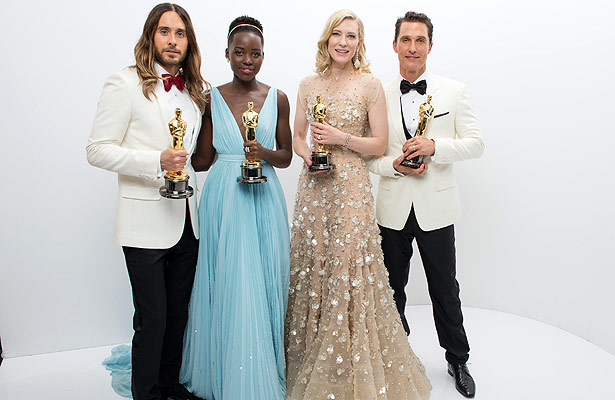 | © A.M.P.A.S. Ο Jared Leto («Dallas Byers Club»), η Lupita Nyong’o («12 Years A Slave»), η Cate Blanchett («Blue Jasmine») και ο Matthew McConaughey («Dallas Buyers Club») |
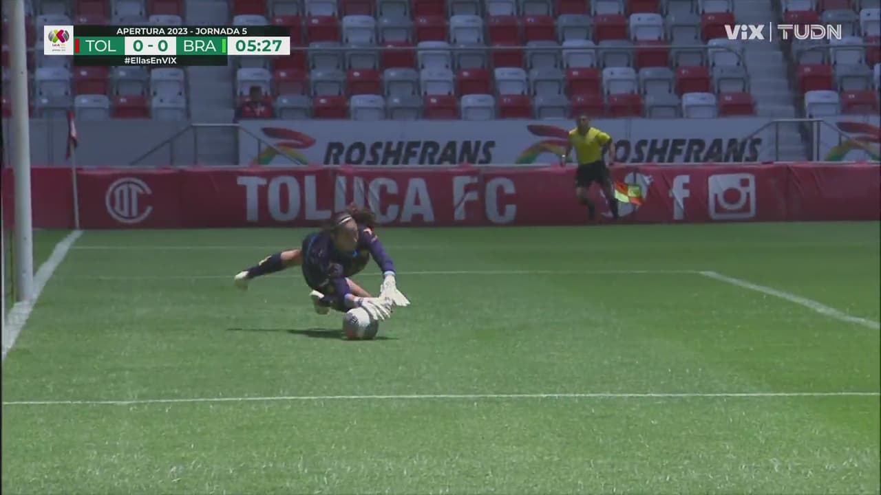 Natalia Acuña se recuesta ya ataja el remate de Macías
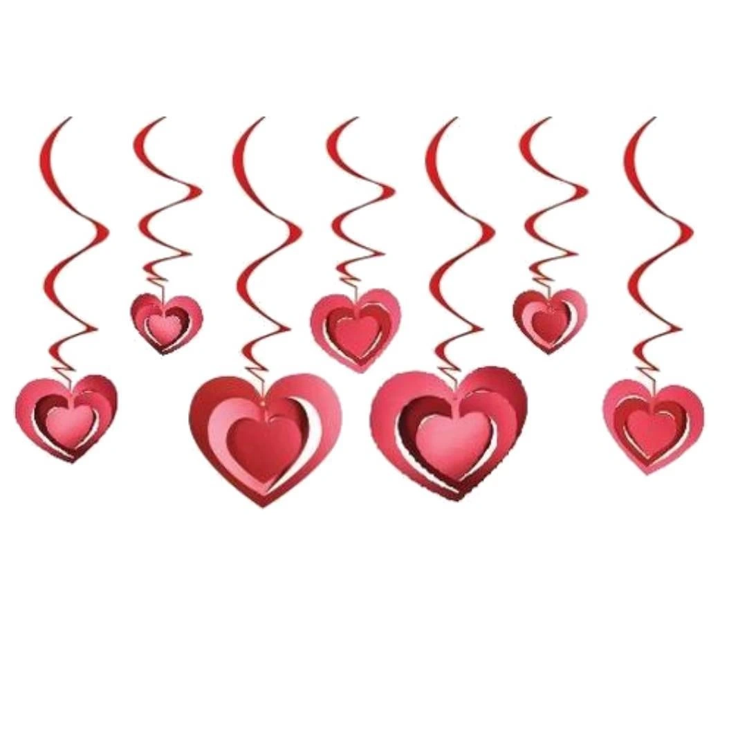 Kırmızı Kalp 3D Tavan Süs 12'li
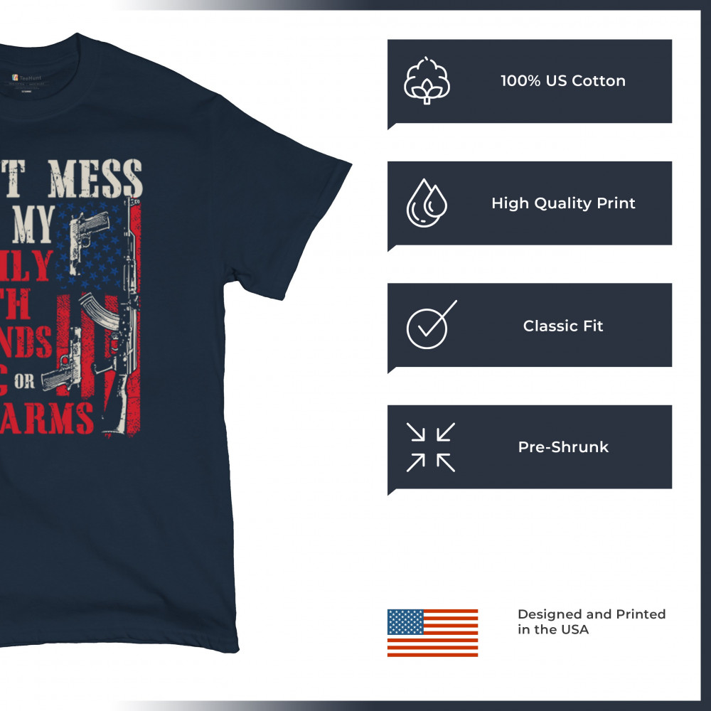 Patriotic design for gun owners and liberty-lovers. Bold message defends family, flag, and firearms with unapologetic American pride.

==

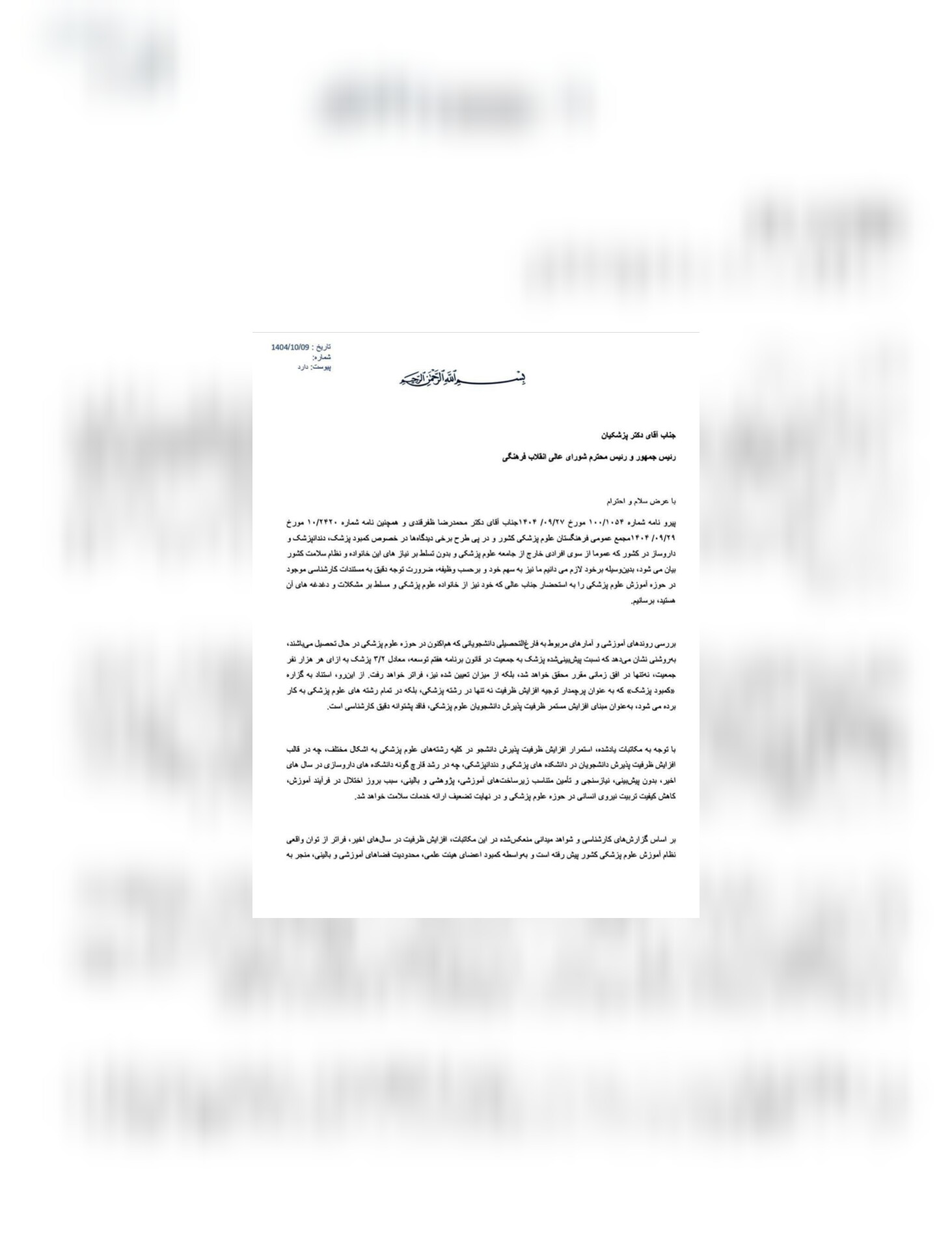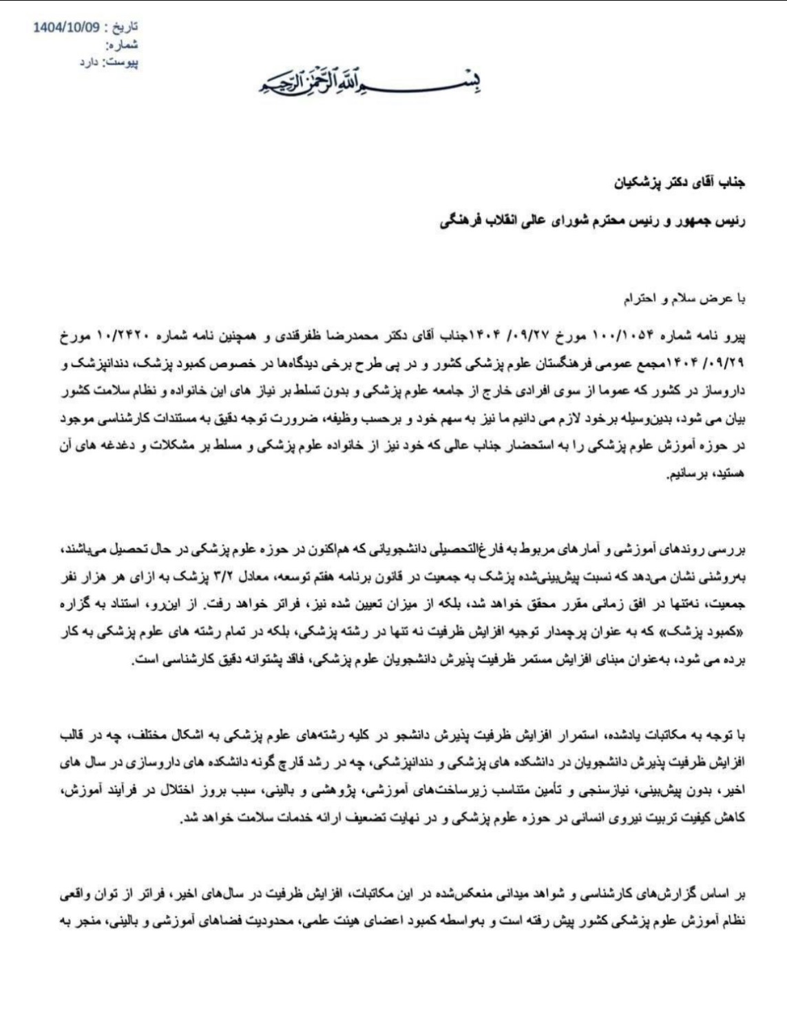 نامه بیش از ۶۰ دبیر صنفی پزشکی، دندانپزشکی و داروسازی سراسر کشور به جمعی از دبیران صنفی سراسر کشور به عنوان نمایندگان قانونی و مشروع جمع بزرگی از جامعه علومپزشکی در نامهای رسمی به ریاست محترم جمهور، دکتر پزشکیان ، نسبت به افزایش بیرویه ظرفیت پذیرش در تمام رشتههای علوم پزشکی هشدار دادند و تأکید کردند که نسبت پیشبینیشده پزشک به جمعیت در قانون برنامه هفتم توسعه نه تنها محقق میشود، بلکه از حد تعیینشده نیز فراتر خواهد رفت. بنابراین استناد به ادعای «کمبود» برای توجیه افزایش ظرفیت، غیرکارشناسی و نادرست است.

==

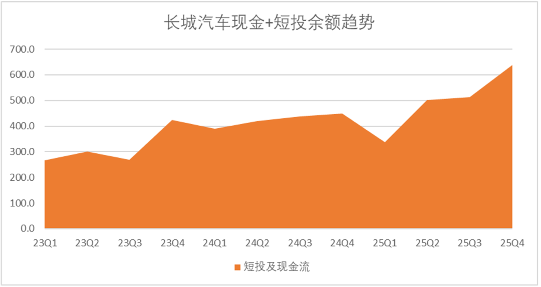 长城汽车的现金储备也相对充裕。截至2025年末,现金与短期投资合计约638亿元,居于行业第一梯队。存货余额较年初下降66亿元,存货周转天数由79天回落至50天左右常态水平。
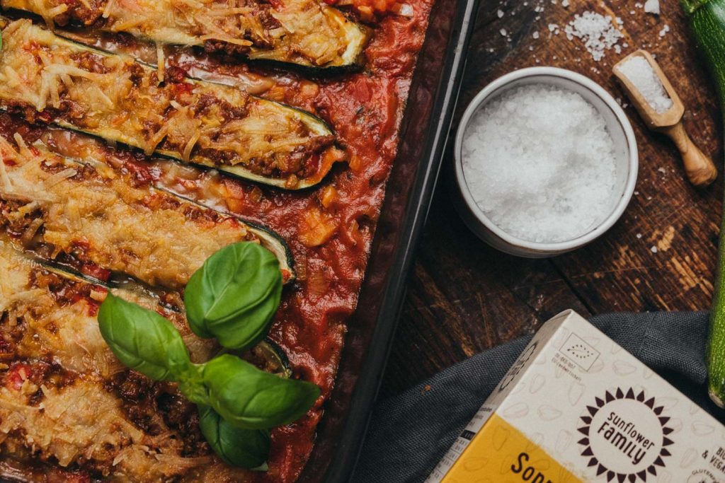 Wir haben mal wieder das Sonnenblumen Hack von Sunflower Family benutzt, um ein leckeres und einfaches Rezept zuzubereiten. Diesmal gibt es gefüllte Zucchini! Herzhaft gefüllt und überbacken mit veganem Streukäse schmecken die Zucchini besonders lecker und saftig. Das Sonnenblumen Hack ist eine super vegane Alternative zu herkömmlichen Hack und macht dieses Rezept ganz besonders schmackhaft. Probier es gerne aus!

### Work required:
Leaving every picture aside, reproduce exactly the lines above from the one with "A.M.P.A.S. Ο Jared" up to and including the one with "Patriotic design for", and no others.

### Solution:
 | © A.M.P.A.S. Ο Jared Leto («Dallas Byers Club»), η Lupita Nyong’o («12 Years A Slave»), η Cate Blanchett («Blue Jasmine») και ο Matthew McConaughey («Dallas Buyers Club») |
 Natalia Acuña se recuesta ya ataja el remate de Macías
 Kırmızı Kalp 3D Tavan Süs 12'li
 Patriotic design for gun owners and liberty-lovers. Bold message defends family, flag, and firearms with unapologetic American pride.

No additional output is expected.